Just like you I don't edit much in these files on my own. Mostly just ask the model to update an md file whenever I think we've figured out something new, so the learning sticks. I have files for test writing, backend route writing, db migration writing, frontend component writing etc. Whenever a section gets too big to live in agents.md it gets it's own file.

marwamc|2 months ago

My understanding is this: A skill is made up of SKILL.md which is what tells claude how and when to use this skill. I'm a bit of a control freak so I'll usually explicitly direct claude to "load the wireframe-skill" and then do X.
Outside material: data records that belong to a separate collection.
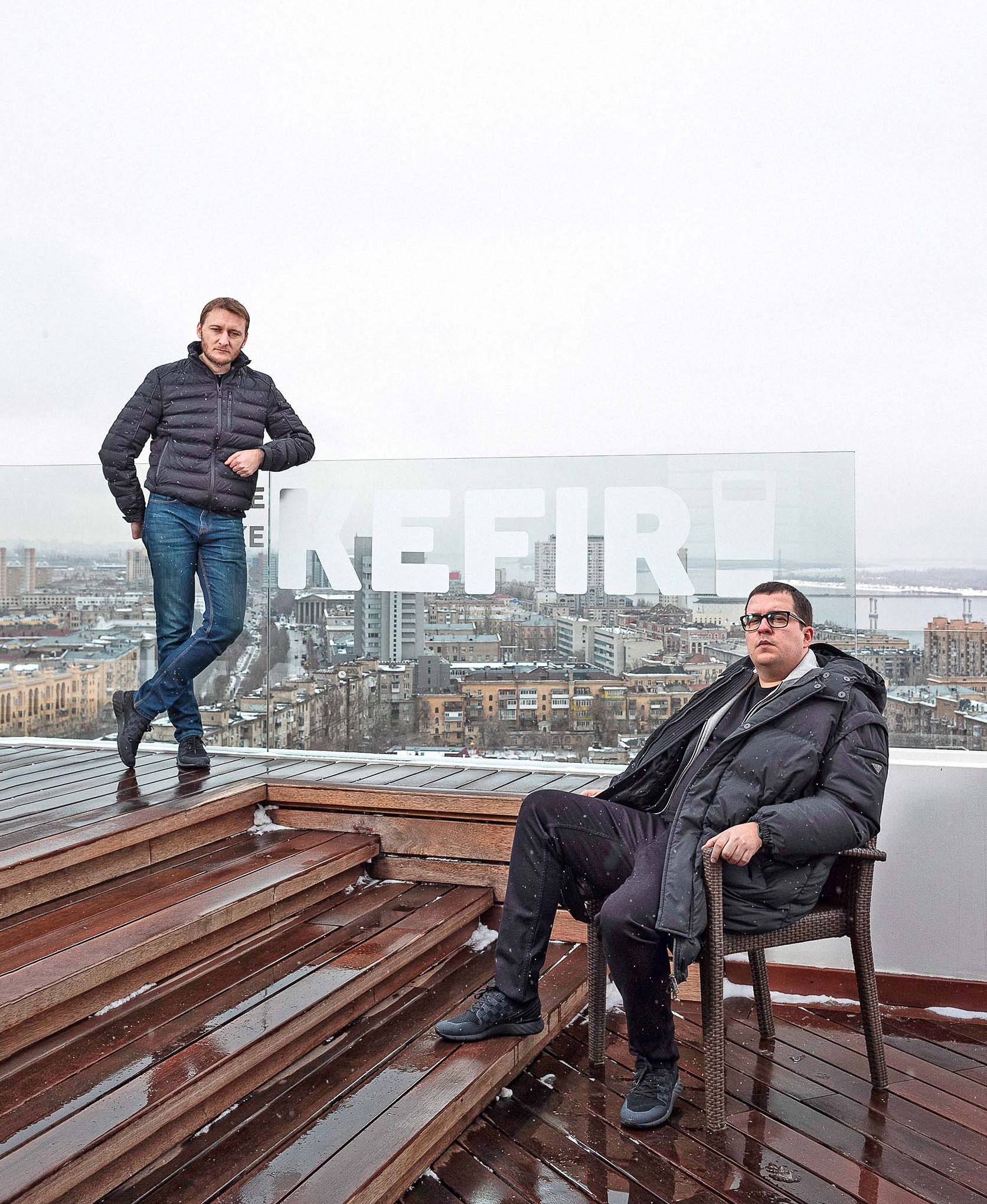 Встречаться в офисе «Кефира» в центре Волгограда Пряхин не захотел: «Страшный… стыдно показывать». Недавно компания купила за 260 млн руб. новое здание площадью 4,2 тыс кв. м., тоже в центре, и вот-вот должна переехать. Интервью проходит в лофте на 22-м этаже в одной из новостроек. «Купили это место только ради веранды», — говорит Пряхин. На веранде сотрудники «Кефира» собираются летом, чтобы поработать с видом на город или провести вечеринку. Открытую площадку заполняют несколько столов и кресел, рядом — джакузи. Иногда гости компании останавливаются в лофте вместо гостиницы: в помещении есть кровать, небольшая кухня, камин.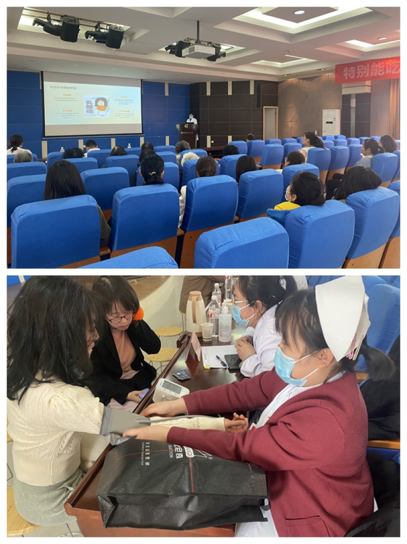 5.举办女性健康知识讲座和义诊活动。3月18日,女工委组织了一场集知识讲座与义诊服务于一体的活动,邀请西安秦皇医院医护团队,为女职工带来健康关怀。讲座围绕女性常见疾病的预防、诊断与治疗,以及日常保健等方面展开,从生理健康到心理健康,进行了详细、生动的讲解。随后,包括妇产科、皮肤科、内分泌科、心血管内科等多个科室经验丰富的医护人员为女职工们提供了免费的健康咨询、初步诊断和检查服务。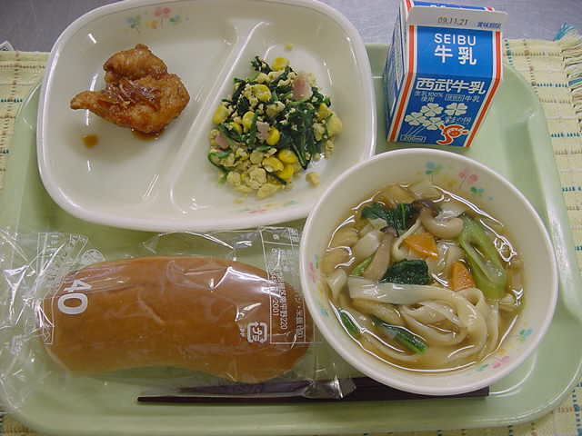 牛乳 黒パン 鶏肉のレモン煮 ほうれん草と卵のソテー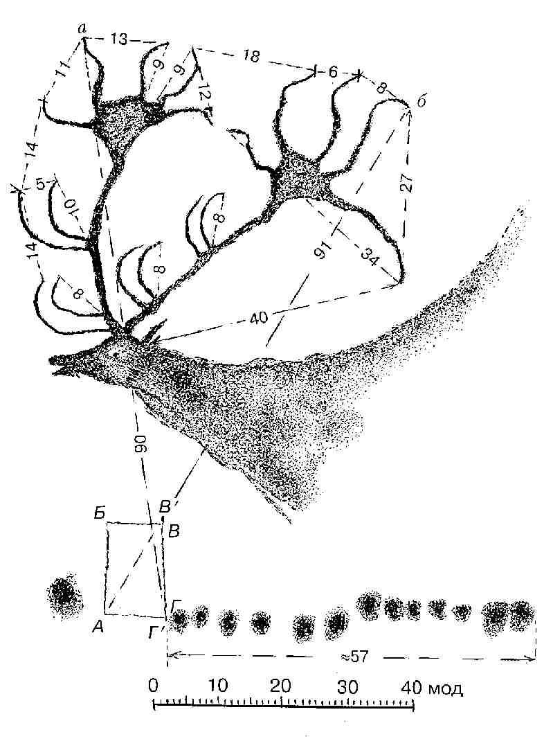 1 и ГГ1, оказывается равной диагонали прямоугольника АВ.Столь важные геометрического плана детали свидетельствуют о тщательной выверенности прямоугольника и о том, сколь непросто то, что археологи определяют термином “тектиформа”. Что касается одной из важнейших деталей геометрической фигуры, включенной в цепочку пятен, а именно – выделенных в ней модулей, то на рис. 4 представлены результаты модульных замеров разного рода расстояний между частью четко определяемых точек рогов, которые смотрятся как измерители, и между двумя (всего лишь для примера!) из этих точек, а и б, и точками А и Г прямоугольника. Как можно убедиться, рисунок оленя и, надо полагать, вся без исключения цепочка знаков ниже его размещались на стене строго продумано и целенаправленно.

Now SKILL.md can have references to more finegrained behaviors or capabilities of our skill. My skills generally tend to have a reference/{workflows,tools,standards,testing-guide,routing,api-integration}.md. These references are what then gets "progressively loaded" into the context.
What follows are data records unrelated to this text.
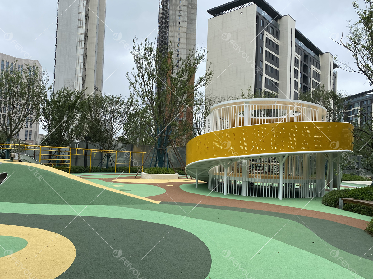 兒童景觀設(shè)施空間分為多個模塊,滑梯坡、秋千、蹦床、搖搖車、健身器材等,各式各樣的搖搖車和傳聲筒更是為孩子們在內(nèi)游玩增添了不少的樂趣。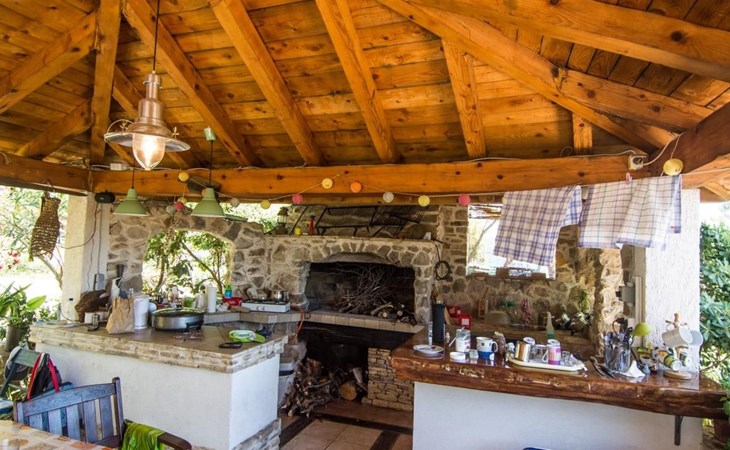 Im Außenbereich steht den Gästen eine große, traditionell eingerichtete Sommerküche zur Verfügung, die alles bietet, was für die Zubereitung von Mahlzeiten benötigt wird, einschließlich Grill und Herd. Das Highlight des Außenbereichs ist zweifelsohne der Balkon, der mit einem Tisch und zwei Stühlen ausgestattet ist. Er ist der ideale Ort, um sich zu entspannen und den Blick auf den umliegenden Kiefernwald zu genießen und bietet eine wirklich ruhige Kulisse für Ihren Aufenthalt.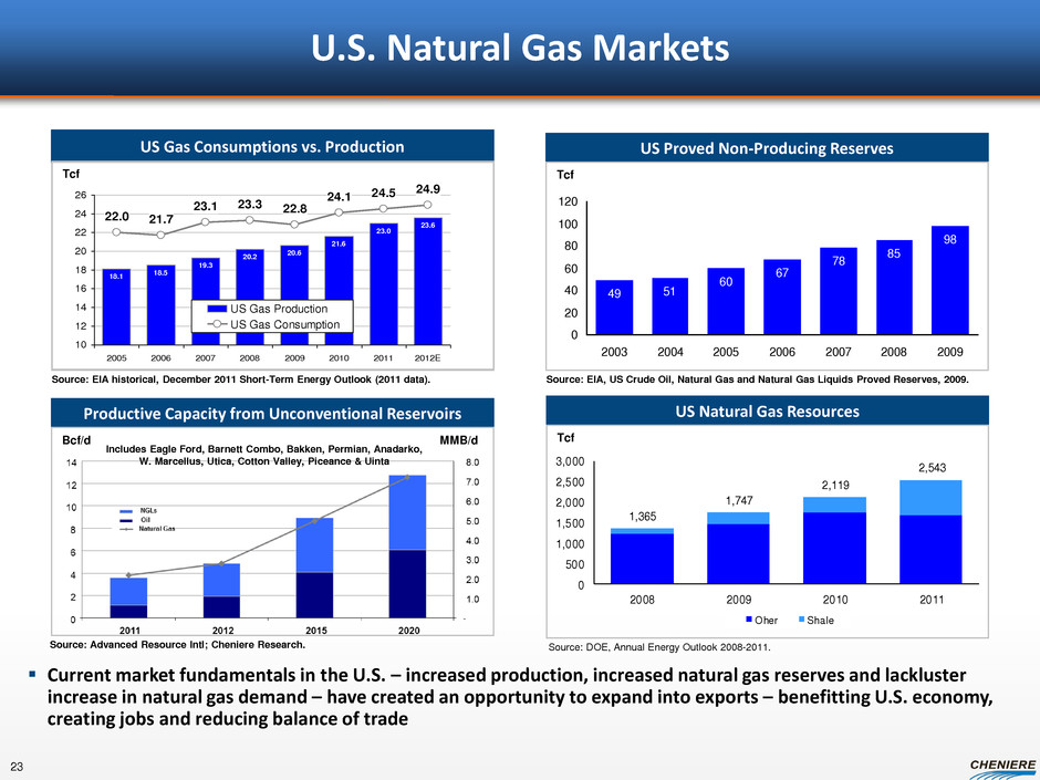 0 2 4 6 8 10 12 14 16 18 20 F e b -0 8 F e b -0 9 F e b -1 0 F e b -1 1 F e b -1 2 F e b -1 3 $/MMBtu Regional Natural Gas & LNG Prices As of February 19, 2013 NBP IFERC HH Monthly Japan avg LNG European Gas Contract Estimated Prices Henry Hub: $4.00 / MMBtu Brent Crude: $100 / Barrel ($/MMBtu) Americas Europe Asia Henry Hub 4.00 $ 4.00 4.00 Fuel/Basis Shipping 0.75 1.25 3.00 0.60 0.60 0.60 $ 8.35 8.85 10.60 4.40 Regional Price @ 15% 15.00 12.00 15.00 Margin 6.65 $ 3.15 Liquefaction 3.00 3.00 3.00 Delivered Cost Source: Cheniere Research estimates Compelling Price Advantage Current Prices = ~$2B-$3B of Spread for Each Bcf/d @ 12% @ 15% $ $ $ $ $ $ Worldwide Gas Prices = 11% to 15% of Crude Oil 22 $3.44 $10.33 $15.91 $10.48
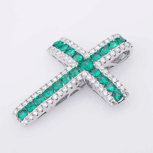 Золотой крестик с белыми и голубыми бриллиантами пм0338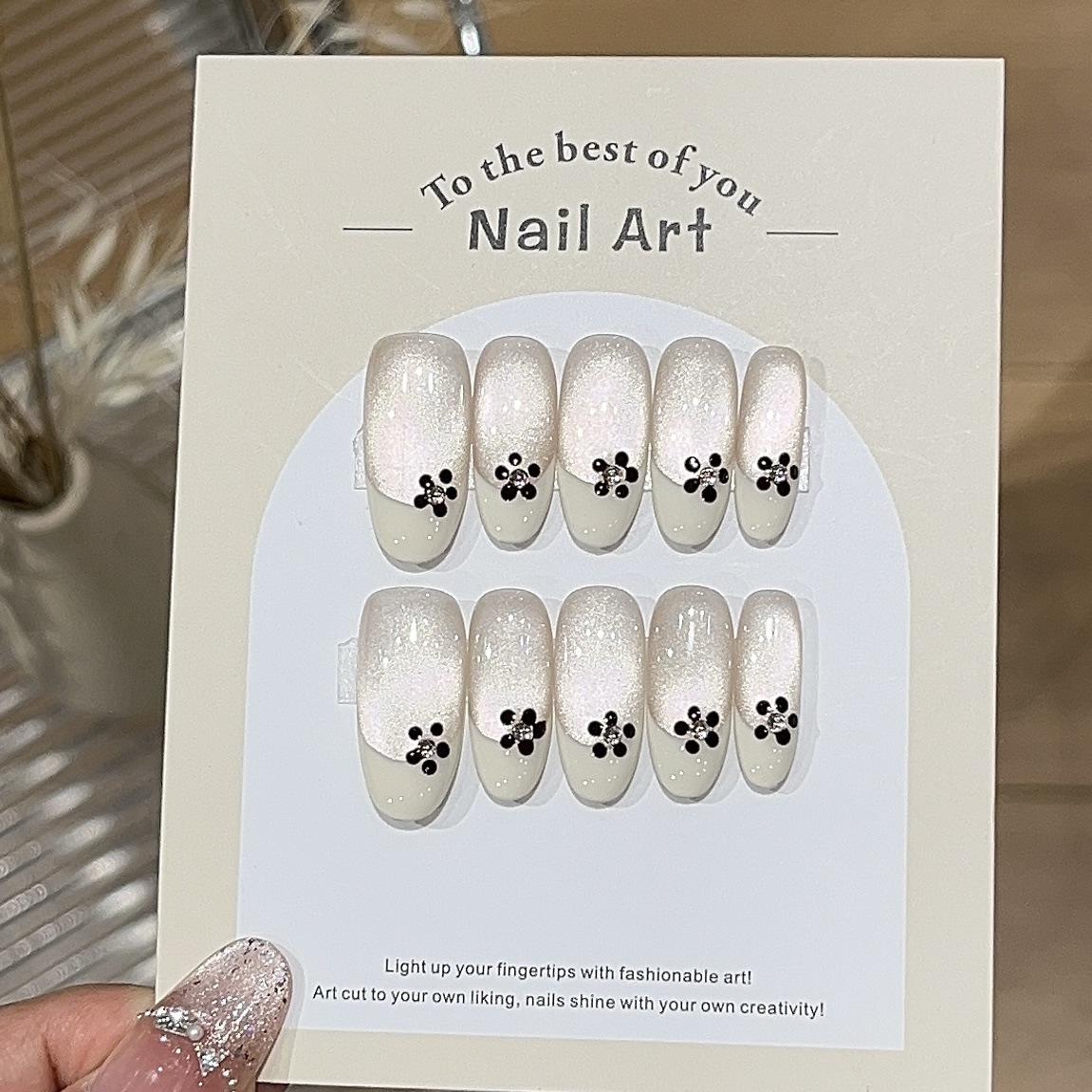 【フフブレスト】優しいシンプル風手描きクリームホワイトフレンチ 超輝きガラスビーズキャットアイ付け爪

Say I asked claude to use the wireframe-skill to create profileView mockup. While creating the wireframe, claude will need to figure out what API endpoints are available/relevant for the profileView and the response types etc. It's at this point that claude reads the references/api-integration.md file from the wireframe skill.

After a while I found I didn't like the progressive loading so I usually direct claude to load all references in the skill before proceeding - this usually takes up maybe 20k to 30k tokens, but the accuracy and precision (imagined or otherwise ha!) is worth it for my use cases.

kxrm|2 months ago

> I'm a bit of a control freak so I'll usually explicitly direct claude to "load the wireframe-skill" and then do X.
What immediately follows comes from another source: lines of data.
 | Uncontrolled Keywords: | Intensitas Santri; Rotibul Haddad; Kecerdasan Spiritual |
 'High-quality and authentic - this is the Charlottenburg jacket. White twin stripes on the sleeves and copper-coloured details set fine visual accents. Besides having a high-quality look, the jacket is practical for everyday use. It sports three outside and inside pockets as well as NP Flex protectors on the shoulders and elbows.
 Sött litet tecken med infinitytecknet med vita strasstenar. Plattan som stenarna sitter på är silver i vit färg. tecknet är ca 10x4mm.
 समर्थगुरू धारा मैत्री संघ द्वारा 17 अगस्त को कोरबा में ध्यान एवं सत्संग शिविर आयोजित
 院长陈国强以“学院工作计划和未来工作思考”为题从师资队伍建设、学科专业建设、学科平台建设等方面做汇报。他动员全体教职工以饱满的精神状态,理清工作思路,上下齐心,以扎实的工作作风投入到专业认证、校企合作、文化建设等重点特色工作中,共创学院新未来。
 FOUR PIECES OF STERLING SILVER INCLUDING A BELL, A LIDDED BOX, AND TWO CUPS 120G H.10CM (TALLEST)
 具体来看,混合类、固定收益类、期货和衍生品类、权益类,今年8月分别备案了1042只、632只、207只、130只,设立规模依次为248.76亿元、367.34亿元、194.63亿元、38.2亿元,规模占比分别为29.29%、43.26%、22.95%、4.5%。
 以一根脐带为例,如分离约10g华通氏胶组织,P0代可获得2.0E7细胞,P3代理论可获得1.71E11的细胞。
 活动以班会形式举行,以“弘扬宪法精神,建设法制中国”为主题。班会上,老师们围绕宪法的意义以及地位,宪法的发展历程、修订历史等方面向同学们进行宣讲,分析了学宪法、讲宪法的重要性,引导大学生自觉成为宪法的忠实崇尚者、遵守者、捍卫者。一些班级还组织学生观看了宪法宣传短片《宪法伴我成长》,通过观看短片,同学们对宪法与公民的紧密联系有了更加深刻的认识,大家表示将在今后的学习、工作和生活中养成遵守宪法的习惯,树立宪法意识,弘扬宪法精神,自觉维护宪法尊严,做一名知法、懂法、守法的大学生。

You shouldn't do this, it's generally considered bad practice.

You should be optimizing your skill description. Often times if I am working with Claude Code and it doesn't load I skill, I ask it why it missed the skill. It will guide me to improving the skill description so that it is picked up properly next time.

This iteration on skill description has allowed skills to stay out of context until they are needed rather predictably for me so far.

chrisweekly|2 months ago

My understanding is that use of "description" frontmatter is essential, bc Claude Code can read just the description without loading the entire file into context.

taytus|2 months ago

Easy, let me try to explain: You want to achieve X, so you ask your AI companion, "How do I do X?" Your companion thinks and tries a couple of things, and they eventually work. So you say, "You know what, next time, instead of figuring it out, just do this"... that is a skill. A recipe for how to do things.

jmalicki|2 months ago

Yes. I find these very useful for enforcing e.g. skills like debugging, committing code, make prs, responding to pr feedback from ai review agents, etc. without constantly polluting the context window.

So when it's time to commit, make sure you run these checks, write a good commit message, etc.

Debugging is especially useful since AI agents can often go off the rails and go into loops rewriting code - so it's in a skill I can push for "read the log messages. Inserting some more useful debug assertions to isolate the failure. Write some more unit tests that are more specific." Etc.

canadiantim|2 months ago

I think it’s also important to think of skills in the context of tasks, so when you want an agent to perform a specialized task, then this is the context, the resources and scripts it needs to perform the task.

hadlock|2 months ago

I'm excited to use this with the Ghidra cli mode to rapidly decompile physics engines from various games. Do I want my flight simulator to behave like the Cessna like in flight simulator 3.0 in the air? Codex can already do that. Do I want the plane to handle like Yoshi from Mario Kart 64 when taxiing? It hasn't been done yet but Claude code is apparently pretty good at pulling apart n64 roms so that seems within the realm of possibility.